Book Afghanistan War  Third Edition

Download or read book Afghanistan War Third Edition written by Rodney Carlisle and published by Infobase Holdings, Inc. This book was released on 2022-02-01 with total page 192 pages. Available in PDF, EPUB and Kindle. Book excerpt: The September 11, 2001, terror attacks orchestrated by al-Qaeda prompted the United States to declare a "War on Terror." When the Taliban government of Afghanistan refused to extradite al-Qaeda leader Osama bin Laden, an American-led coalition went to war with Afghanistan, overthrowing the Taliban government. America eventually captured and killed bin Laden, but the battle against the Taliban dragged on, while a war-torn and ravaged Afghanistan struggled to rebuild. Finally—20 years after the 9/11 attacks—American and coalition forces withdrew from Afghanistan, and the Taliban took back control of the country. Afghanistan War, Third Edition features an account of the battles, weapons, tactics, and people involved in this conflict. Complete with full-color and black-and-white photographs and illustrations, full-color maps, and other further resources, Afghanistan War, Third Edition is suited for middle and high school students seeking unbiased information about U.S. military history.
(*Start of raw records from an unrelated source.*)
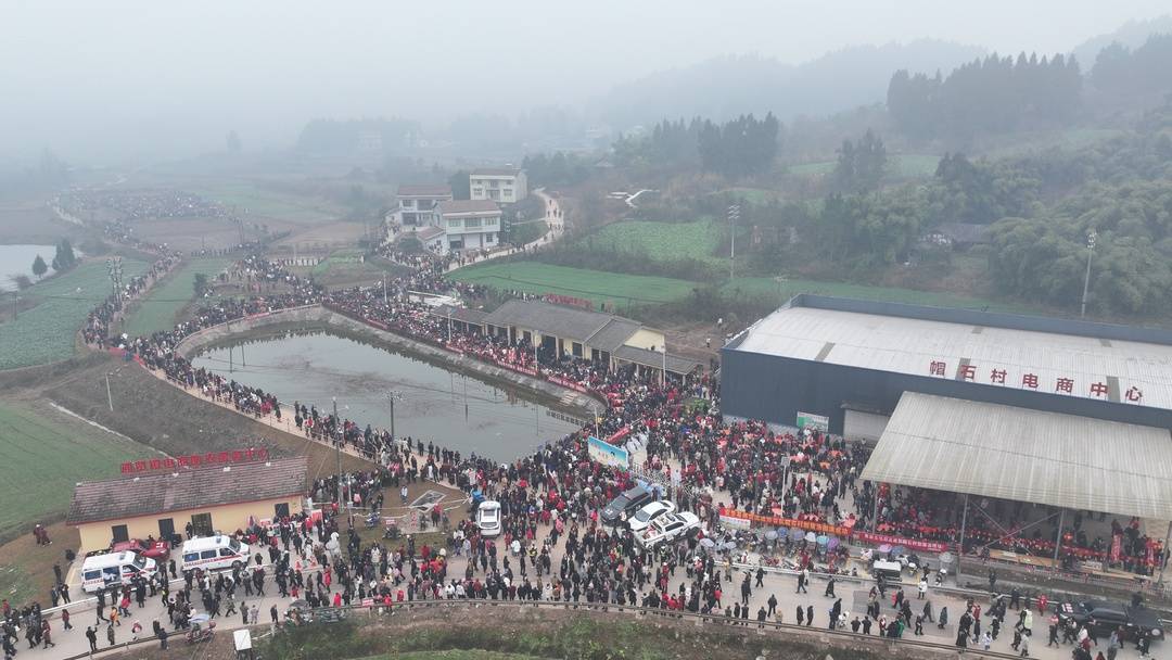 帽石村离安岳县城不算远,车程有20多公里。当天上午9时许,慕名来参加活动的人越来越多,停放的车辆逐渐从村口排到了几公里外,现场有不少交警、地方政府工作人员指挥交通。
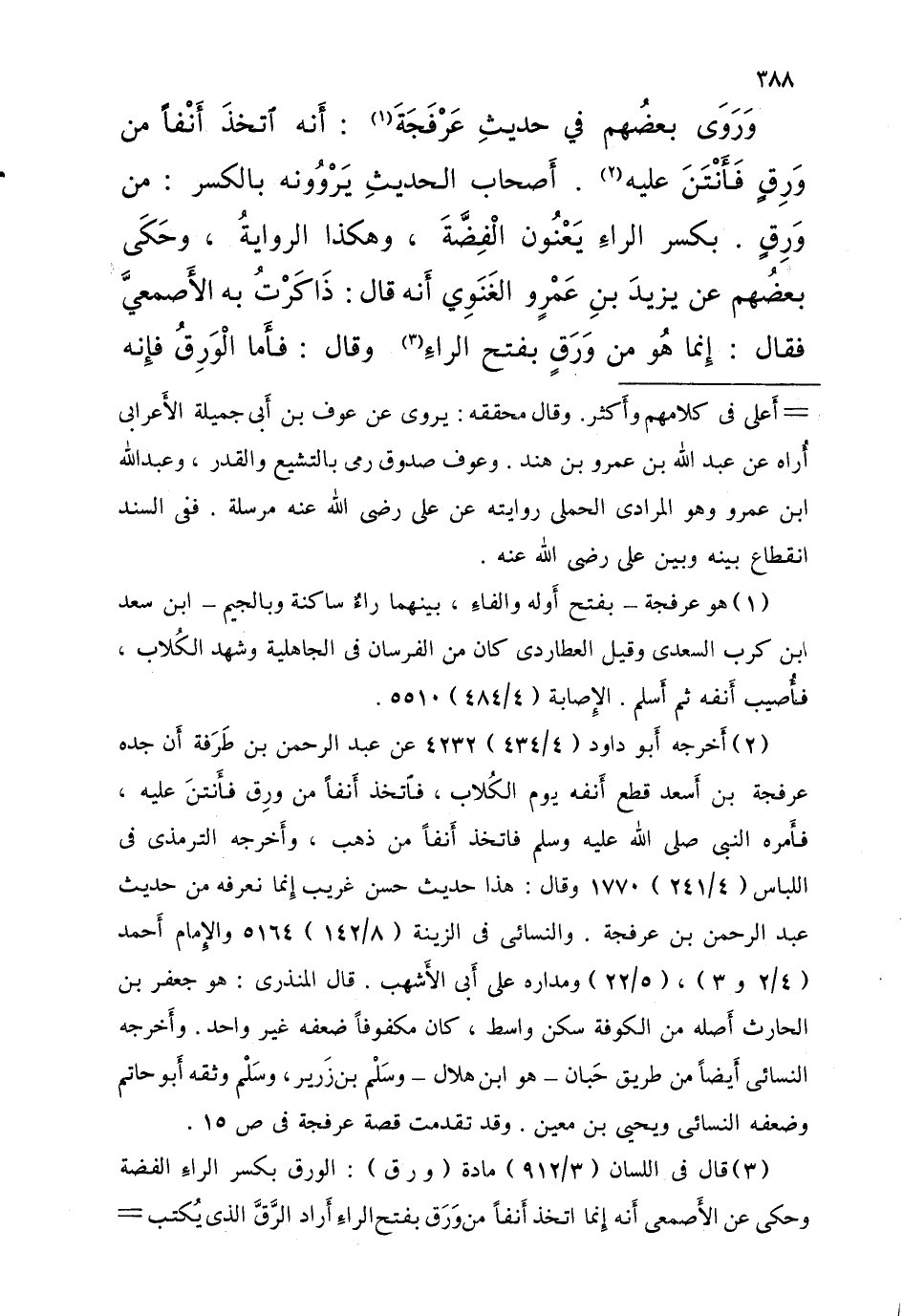 وَرَوَى بعضُهم فِي حَدِيث عرْفجَة أَنه اتخذ أنفًا من ورق فَأَنْتن عَلَيْهِ أَصْحَاب الحَدِيث يَرْوُونَهُ بِالْكَسْرِ من وَرِقٍ بِكَسْر الراءِ يَعْنُون الْفِضَّةَ وَهَكَذَا الروايةُ وحَكَى بعضُهم عَن يزيدَ بْن عمروٍ الغَنَوي أَنه قالَ ذَاكَرْتُ بِهِ الأَصمعيَّ فَقَالَ إِنما هُو من وَرَقٍ بِفَتْح الراءِ وَقَالَ فأَما الْوَرِقُ فإِنه
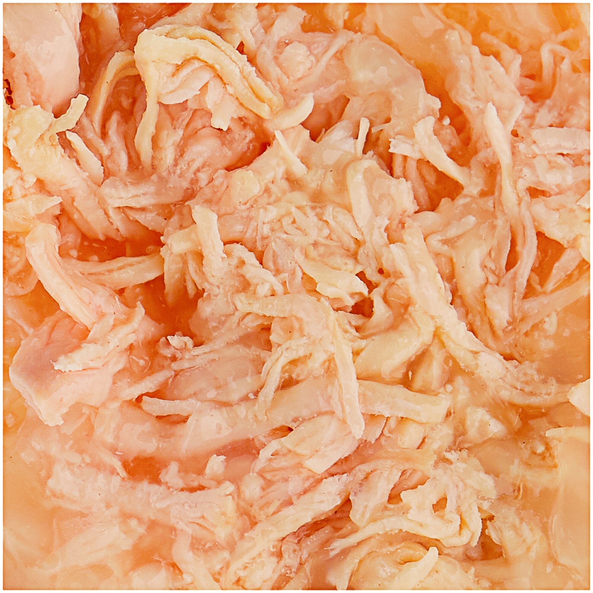 В пауче практически только волокна куриного мяса и кусочки рыбы, выглядит как человеческая еда почти)
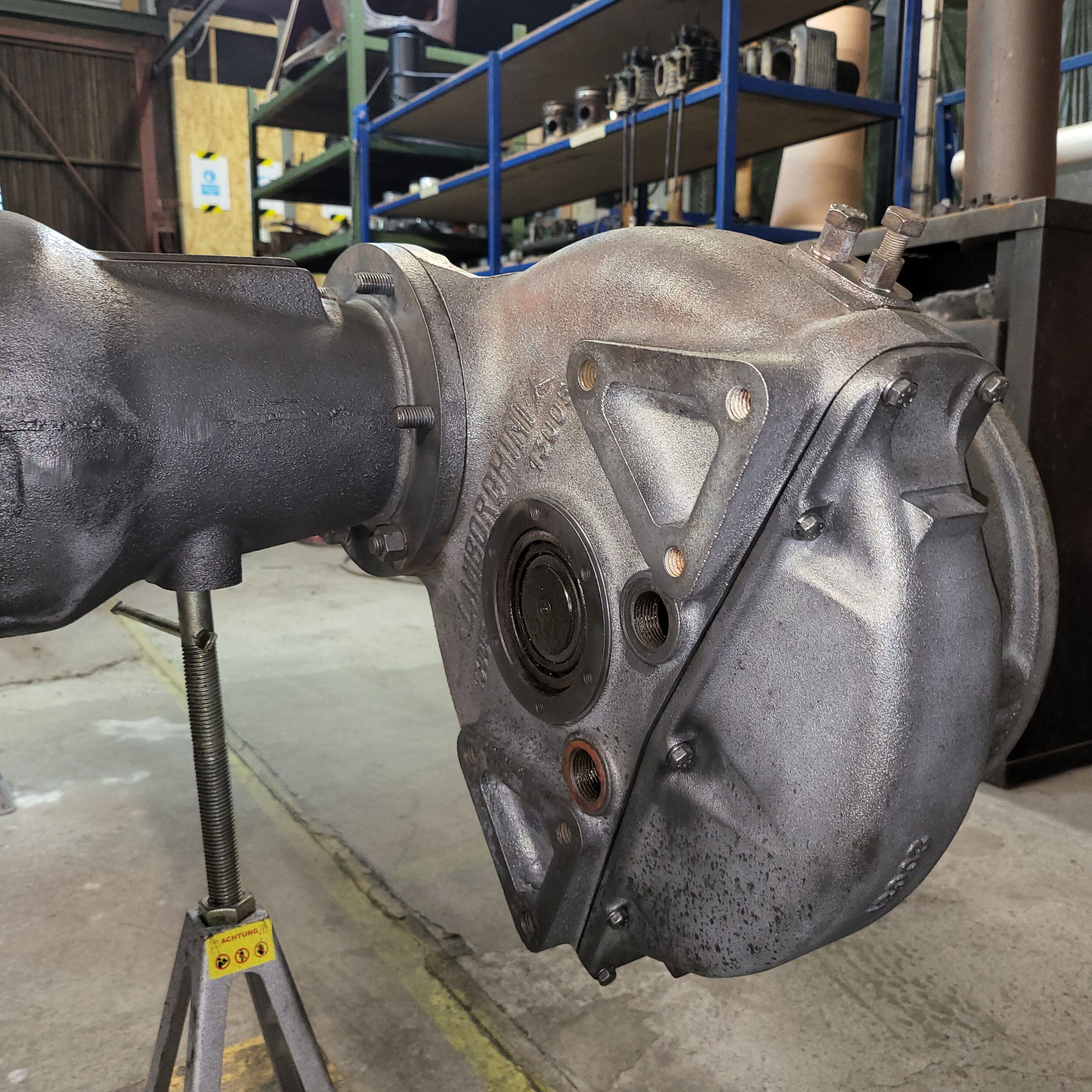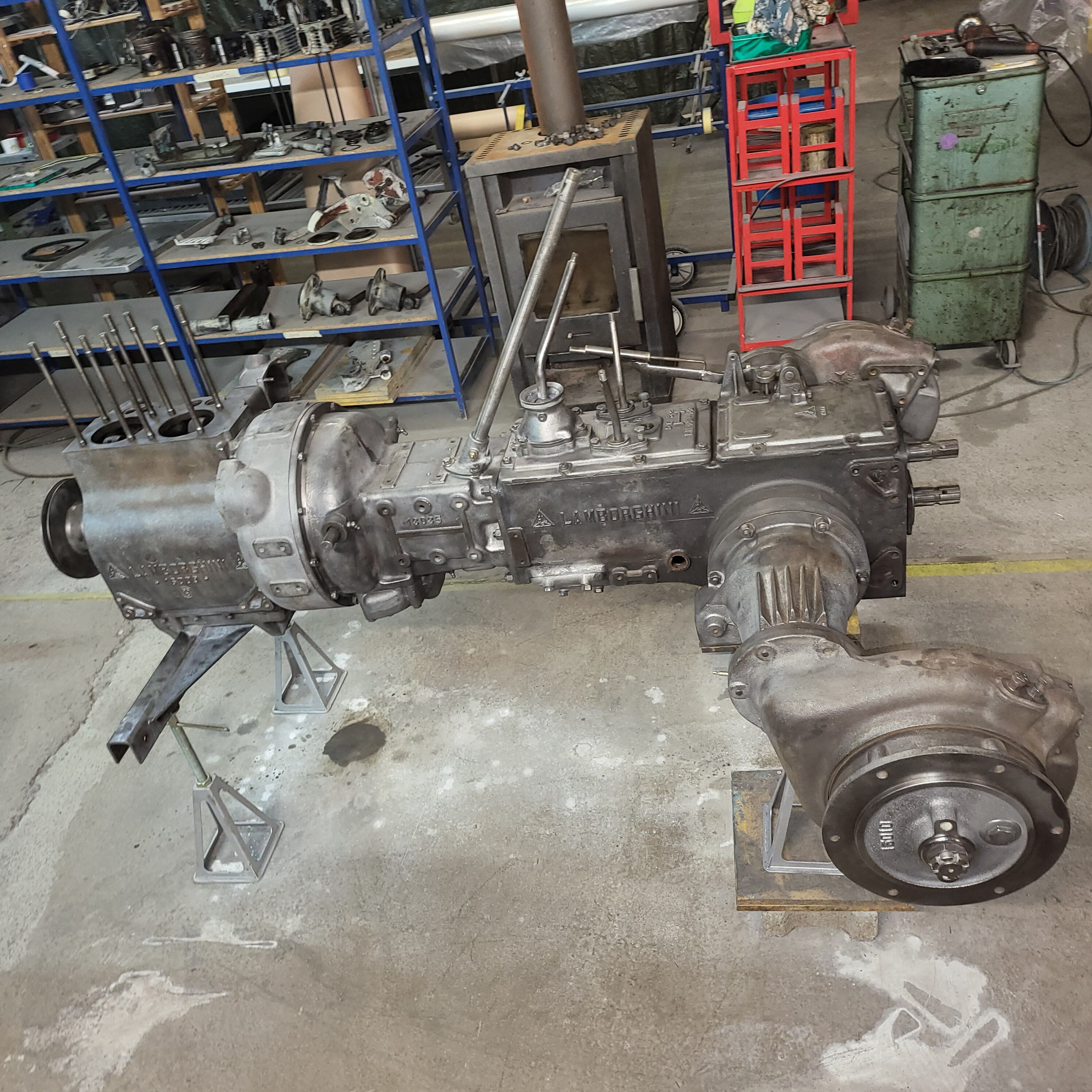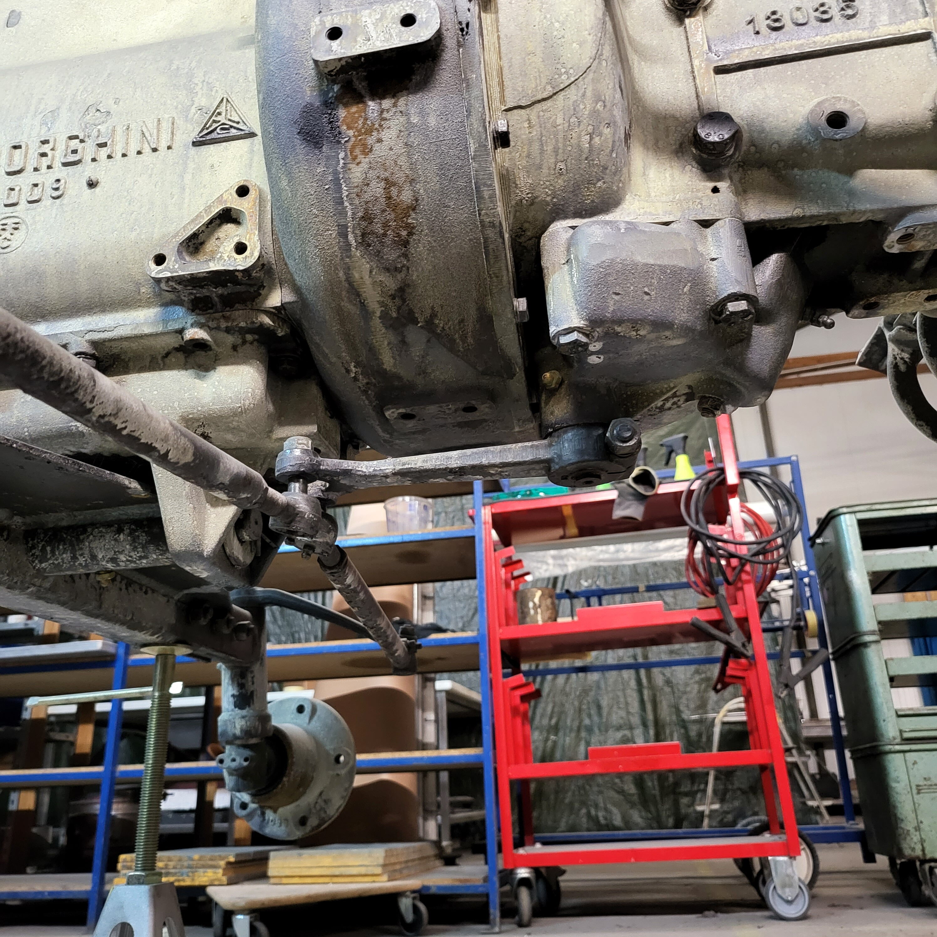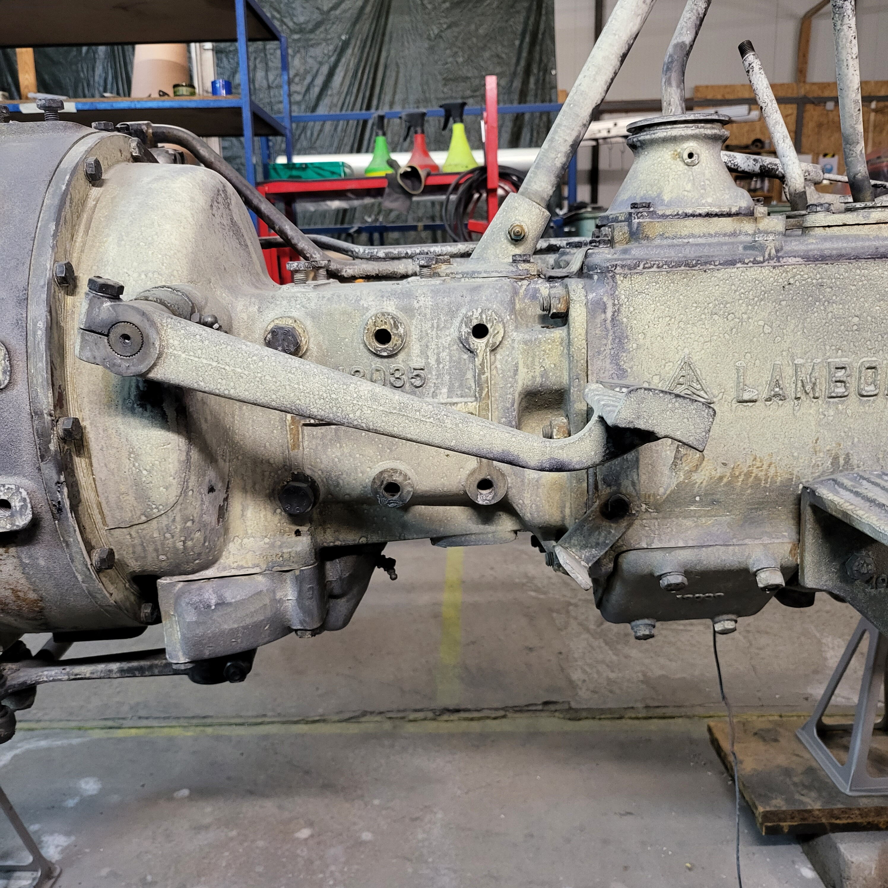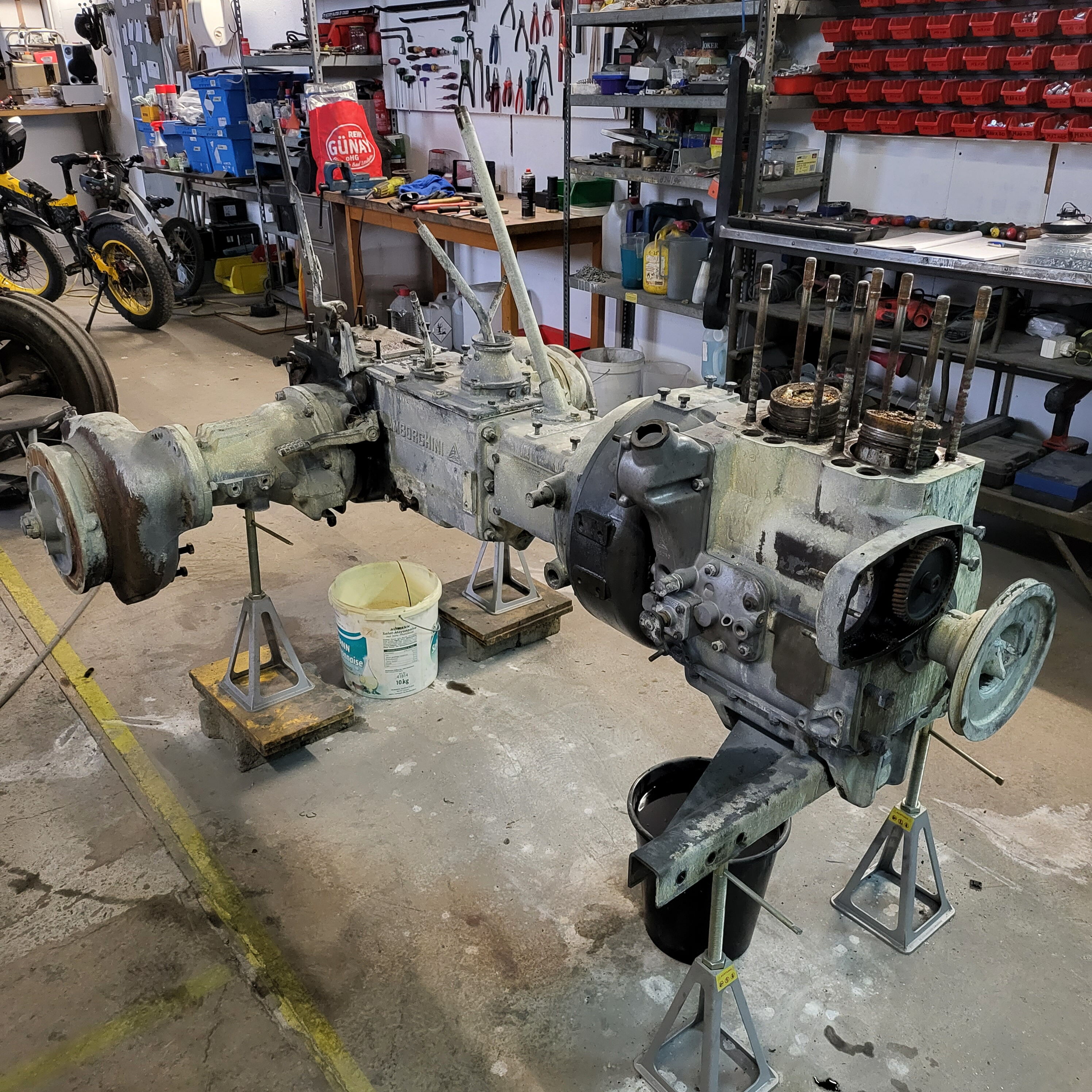 Je weiter du nach unten gehst, desto tiefer schaust du in das Herz dieser Lamborghinetta: Bremstrommeln geöffnet, Getriebe zerlegt, Motor offen, Zahnräder frei, Bauteile markiert, vermessen, vorbereitet fürs nächste Leben.

Book History of the War in Afghanistan  Vol  3  of 3  Third Edition

Download or read book History of the War in Afghanistan Vol 3 of 3 Third Edition written by John William Kaye (Sir) and published by . This book was released on 2015 with total page 0 pages. Available in PDF, EPUB and Kindle. Book excerpt:

Book History of the War in Afghanistan  Vol  2  of 3  Third Edition

Download or read book History of the War in Afghanistan Vol 2 of 3 Third Edition written by John William Kaye (Sir) and published by . This book was released on 2015 with total page 0 pages. Available in PDF, EPUB and Kindle. Book excerpt:

Book History of the War in Afghanistan  Vol  1  of 3  Third Edition

Download or read book History of the War in Afghanistan Vol 1 of 3 Third Edition written by John William Kaye (Sir) and published by . This book was released on 2015 with total page 0 pages. Available in PDF, EPUB and Kindle. Book excerpt:

Book The Anglo Afghan Wars 1839   1919

Download or read book The Anglo Afghan Wars 1839 1919 written by Gregory Fremont-Barnes and published by Bloomsbury Publishing. This book was released on 2014-06-06 with total page 144 pages. Available in PDF, EPUB and Kindle. Book excerpt: During the 19th century Britain entered into three brutal wars with Afghanistan, each one saw the British trying and failing to gain control of a warlike and impenetrable territory. The first two wars (1839–42 and 1878–81) were wars of the Great Game; the British Empire's attempts to combat growing Russian influence near India's borders. The third, fought in 1919, was an Afghan-declared holy war against British India – in which over 100,000 Afghans answered the call, and raised a force that would prove too great for the British Imperial army. Each of the three wars were plagued by military disasters, lengthy sieges and costly engagements for the British, and history has proved the Afghans a formidable foe and their country unconquerable. This book reveals the history of these three Anglo-Afghan wars, the imperial power struggles that led to conflict and the torturous experiences of the men on the ground. The book concludes with a brief overview of the background to today's conflict in Afghanistan, and sketches the historical parallels.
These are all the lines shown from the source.